▸ **ACTION ITEM**
A verbatim transcript of the data that follows, free of images, is the expected result.

******************************

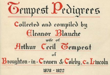 I am very grateful to John Schuerman for the opportunity to make available here a digitized version of the transcript of the manuscript Tempest Pedigrees, compiled by Eleanor Blanche Tempest (1853-1928), a monumental work tracing the genealogy of the Tempest families of Yorkshire, Lincolnshire and other counties. This is presented in Word format in a sequence of files, some of which are quite large.
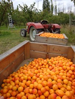 La récolte des cerises et des abricots se fait de la même manière, prenez un grand sac en le portant à l’envers pour avoir la poche devant puis vous essayez de ramasser les fruits murs, enfin, pas trop non plus sinon ça vous fait de la confiture dans la benne. Vous videz ensuite votre sac dans une benne qui va accueillir quelques centaines de kilos de fruits.
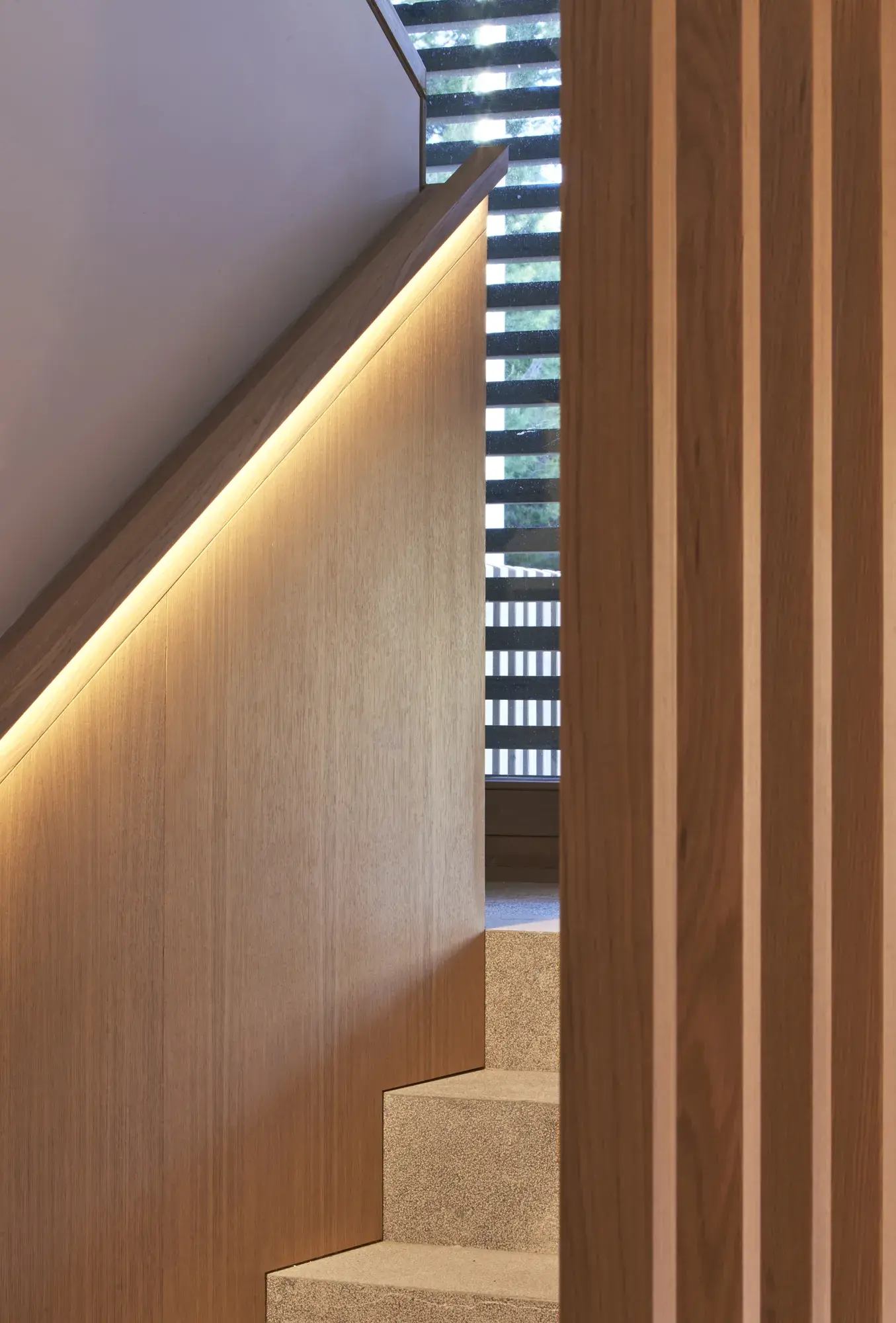 Las fachadas principales a las mejores orientaciones, vistas y jardines están formadas por persianas plegables de lamas horizontales de madera que actúan como filtro solar, creando un juego cambiante de luces y sombras inspirado en las pérgolas y celosías tradicionales mediterráneas, permitiendo regular la privacidad y controlar el...
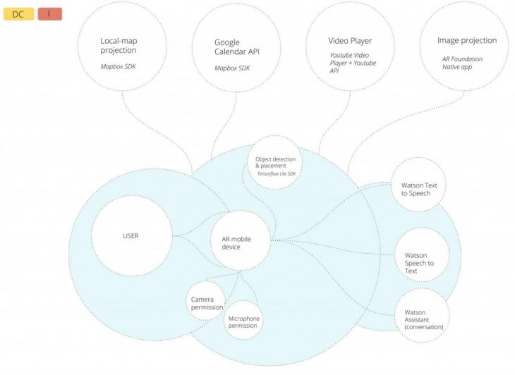 The first development strategy tackled in Unity consists of attempting to develop the voice command functionalities in order for a user to be able to communicate with the AR assistant represented by an animated character. Therefore, the workflow that follows connects the User to tbe Public cloud via the AR mobile device (with camera and microphone permissions); IBM cloud is being used to create a Watson assistant, as well as using the text to speech and speech to text IBM services.
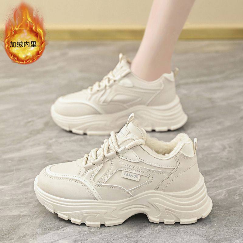 外穿加绒老爹鞋女2025新款冬季百搭厚底低帮棉鞋百搭休闲运动鞋软
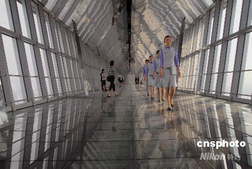 2008年8月28日,上海陸家嘴金融貿易區(qū)超高層綜合大廈“上海環(huán)球金融中心”落成啟用。金融中心樓坐擁101層高492米,在CTBUH(國際高層建筑與城市住宅協(xié)會)2008年公布的高層建筑排行榜的“最高使用樓層高度”和“最高樓頂高度”兩項中位居全球第一。上海環(huán)球金融中心擁有先進的辦公設施,有鳥瞰上海面貌的世界最高的觀光廳(地面高度達474米),能夠為國際性會議等活動提供優(yōu)質服務的多功能會議設施等。上海環(huán)球金融中心頂部的觀光廳于8月30日正式對外開放,之后各類設施將逐步啟用。中新社發(fā) 海牛 攝
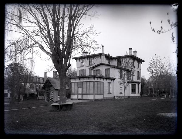 Glass negative showing a rear view of Marriott C. Morris' house at 131 West Walnut Lane. The three-story house feaatures a sunroom with large, shuttered windows and a small shed in the backyard. A tree surrounded by a circular wooden bench stands in the lawn behind the house next to a path leading to the sunroom.
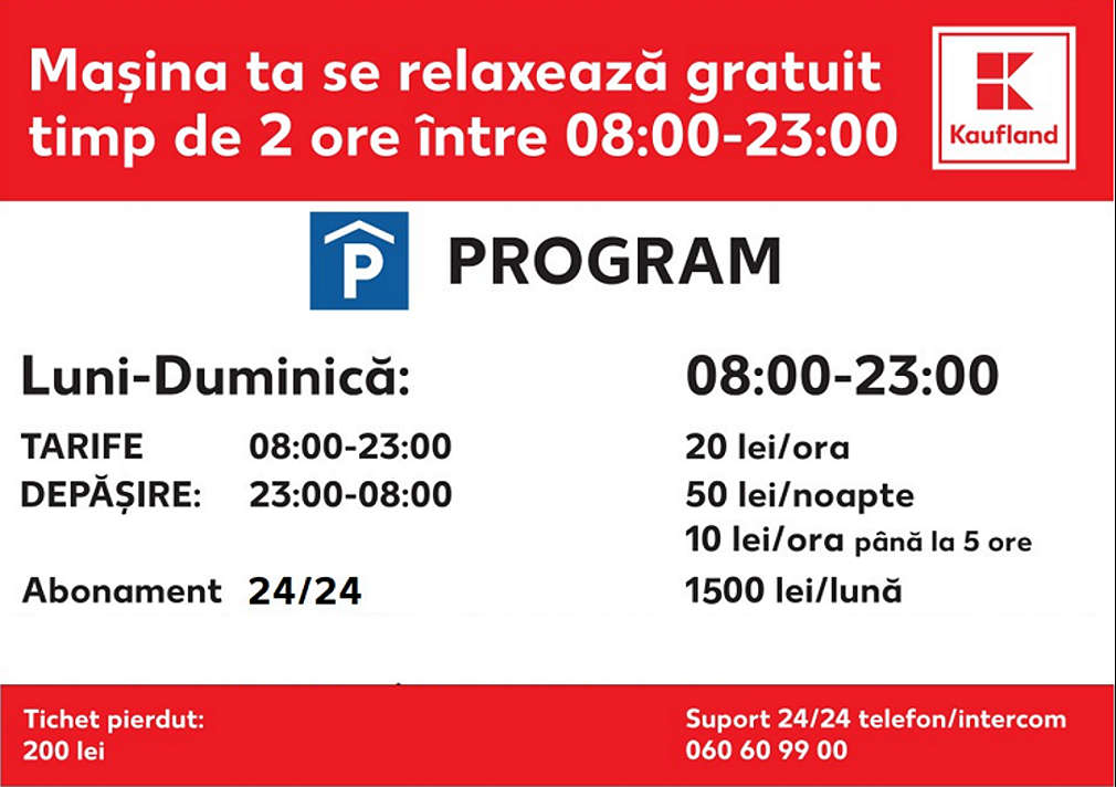 Pentru parcările magazinelor Kaufland Decebal, Testemițanu și Mircea cel Bătrân sunt valabile următoarele tarife:
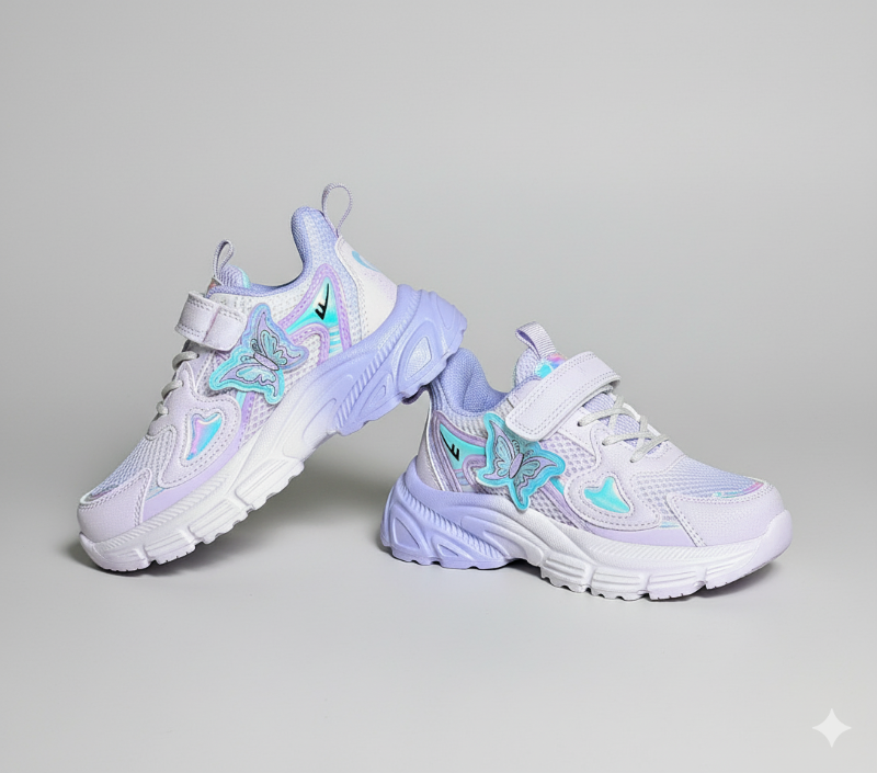 Let your little one step out in style with the Butterfly Glow Kids’ Sneakers. Designed in a dreamy mix of purple and blue, these sneakers feature playful butterfly and heart details that kids will love. With a lightweight sole, breathable mesh, and Velcro + lace closure, they provide comfort, durability, and a secure fit for all-day adventures.
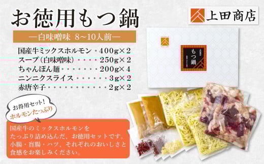 W08-31 上田商店 お徳用もつ鍋セット(白味噌味)8~10人前 国産牛 モツ鍋 ミックスホルモン コラーゲン 冷凍 大容量 博多 福岡グルメ グルメ 鍋 鍋セット モツ鍋 福智町 送料無料 福岡県
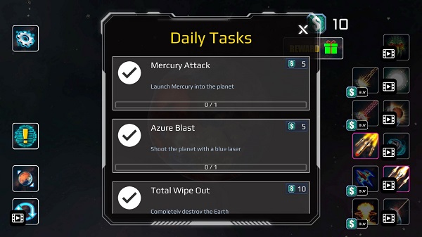 1、点击右侧工具栏切换武器类型与作用模式,选定目标区域后轻触星球即可启动投放流程。

******************************

▸ **EXERCISE SOLUTION**
 I am very grateful to John Schuerman for the opportunity to make available here a digitized version of the transcript of the manuscript Tempest Pedigrees, compiled by Eleanor Blanche Tempest (1853-1928), a monumental work tracing the genealogy of the Tempest families of Yorkshire, Lincolnshire and other counties. This is presented in Word format in a sequence of files, some of which are quite large.
 La récolte des cerises et des abricots se fait de la même manière, prenez un grand sac en le portant à l’envers pour avoir la poche devant puis vous essayez de ramasser les fruits murs, enfin, pas trop non plus sinon ça vous fait de la confiture dans la benne. Vous videz ensuite votre sac dans une benne qui va accueillir quelques centaines de kilos de fruits.
 Las fachadas principales a las mejores orientaciones, vistas y jardines están formadas por persianas plegables de lamas horizontales de madera que actúan como filtro solar, creando un juego cambiante de luces y sombras inspirado en las pérgolas y celosías tradicionales mediterráneas, permitiendo regular la privacidad y controlar el...
 The first development strategy tackled in Unity consists of attempting to develop the voice command functionalities in order for a user to be able to communicate with the AR assistant represented by an animated character. Therefore, the workflow that follows connects the User to tbe Public cloud via the AR mobile device (with camera and microphone permissions); IBM cloud is being used to create a Watson assistant, as well as using the text to speech and speech to text IBM services.
 外穿加绒老爹鞋女2025新款冬季百搭厚底低帮棉鞋百搭休闲运动鞋软
 2008年8月28日,上海陸家嘴金融貿易區(qū)超高層綜合大廈“上海環(huán)球金融中心”落成啟用。金融中心樓坐擁101層高492米,在CTBUH(國際高層建筑與城市住宅協(xié)會)2008年公布的高層建筑排行榜的“最高使用樓層高度”和“最高樓頂高度”兩項中位居全球第一。上海環(huán)球金融中心擁有先進的辦公設施,有鳥瞰上海面貌的世界最高的觀光廳(地面高度達474米),能夠為國際性會議等活動提供優(yōu)質服務的多功能會議設施等。上海環(huán)球金融中心頂部的觀光廳于8月30日正式對外開放,之后各類設施將逐步啟用。中新社發(fā) 海牛 攝
 Glass negative showing a rear view of Marriott C. Morris' house at 131 West Walnut Lane. The three-story house feaatures a sunroom with large, shuttered windows and a small shed in the backyard. A tree surrounded by a circular wooden bench stands in the lawn behind the house next to a path leading to the sunroom.
 Pentru parcările magazinelor Kaufland Decebal, Testemițanu și Mircea cel Bătrân sunt valabile următoarele tarife:
 Let your little one step out in style with the Butterfly Glow Kids’ Sneakers. Designed in a dreamy mix of purple and blue, these sneakers feature playful butterfly and heart details that kids will love. With a lightweight sole, breathable mesh, and Velcro + lace closure, they provide comfort, durability, and a secure fit for all-day adventures.
 W08-31 上田商店 お徳用もつ鍋セット(白味噌味)8~10人前 国産牛 モツ鍋 ミックスホルモン コラーゲン 冷凍 大容量 博多 福岡グルメ グルメ 鍋 鍋セット モツ鍋 福智町 送料無料 福岡県
 1、点击右侧工具栏切换武器类型与作用模式,选定目标区域后轻触星球即可启动投放流程。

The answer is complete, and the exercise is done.